Several news bulletins are provided during the day, covering a mixed Spanish and International agenda. Telediario is a bulletin produced for and also broadcast in Spain, simulcast on the international station. However, editions of Telediario Internacional are also produced specially for the channel.

A limited number of advertisements are shown on the channel. More usually, network commercial breaks on programmes broadcast live in Spain are covered with a clock and short information films about Spain and its wildlife, although sometimes the advertisements are shown.

==History==
TVE International began its test broadcasts on 1 December 1989 and officially on 1 December 1990. In its early years, the channel broadcast a single program for America and Europe, consisting of a re-broadcast of slots premiered on La 1 and La 2. From 15 April 1991, differentiated programming was designed for one and other continents. Since 1992, TVE Internacional has been broadcasting via the Astra and Hispasat satellites for Latin America.
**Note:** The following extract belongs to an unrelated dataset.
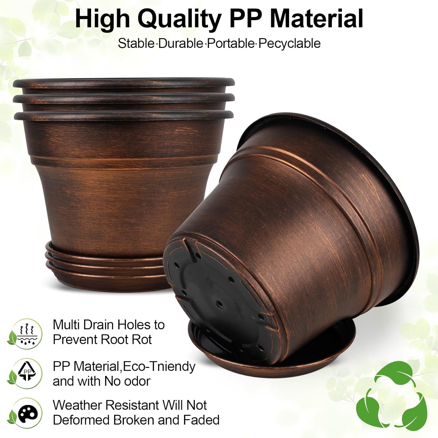 - 【TRADITIONAL DESIGN】Plastic planters for indoor plants with trays are designed in dark gold colors & a classic round look, which allow this pot to fit into any indoor & outdoor setting. With these golded flower pots, it could adds fresh, decorative flair to your home. Decorate your windowsill, desktop, shelf, bedroom, living room, kitchen, garden, office with our 8 inch plastic plant pot.

The signal of TVE International has been received in Asia and Oceania since December 1995 and in Africa since 12 October 1999.

==Signal structure==
- America: covers all Latin American and the Caribbean countries, as well as the United States and Canada. Use as reference the timetables of Argentina (UTC-3), Mexico (UTC-6) and Miami (UTC-5/-4 DST).
- Europe-Africa: covers the entire European continent including Spain, the Middle East and Africa. Use as reference the timetables of Central Europe (UTC+1/+2 CET), Moscow (UTC+3) and the United Arab Emirates (UTC+4).
- Asia-Oceania: Part of the Arabian Peninsula, Central Asia, Southeast Asia, Australia, New Zealand and the Pacific Islands
- Canal 24 Horas Internacional: America and Europe (simultaneous signal with the channel in Spain, with advertising from the international channel replacing commercials).

==Distribution==
In Europe, it is available free-to-air on Eutelsat Hot Bird 13° East. Due to economic reasons, it moved its satellite distribution for Europe to Astra 19.2°E along with 24 Horas and the RTVE radios (RNE Radio Nacional, RNE Radio Clásica, RNE Radio 3, RNE Ràdio 4, RNE Radio 5, Radio Exterior) between January 2014 and February 2020.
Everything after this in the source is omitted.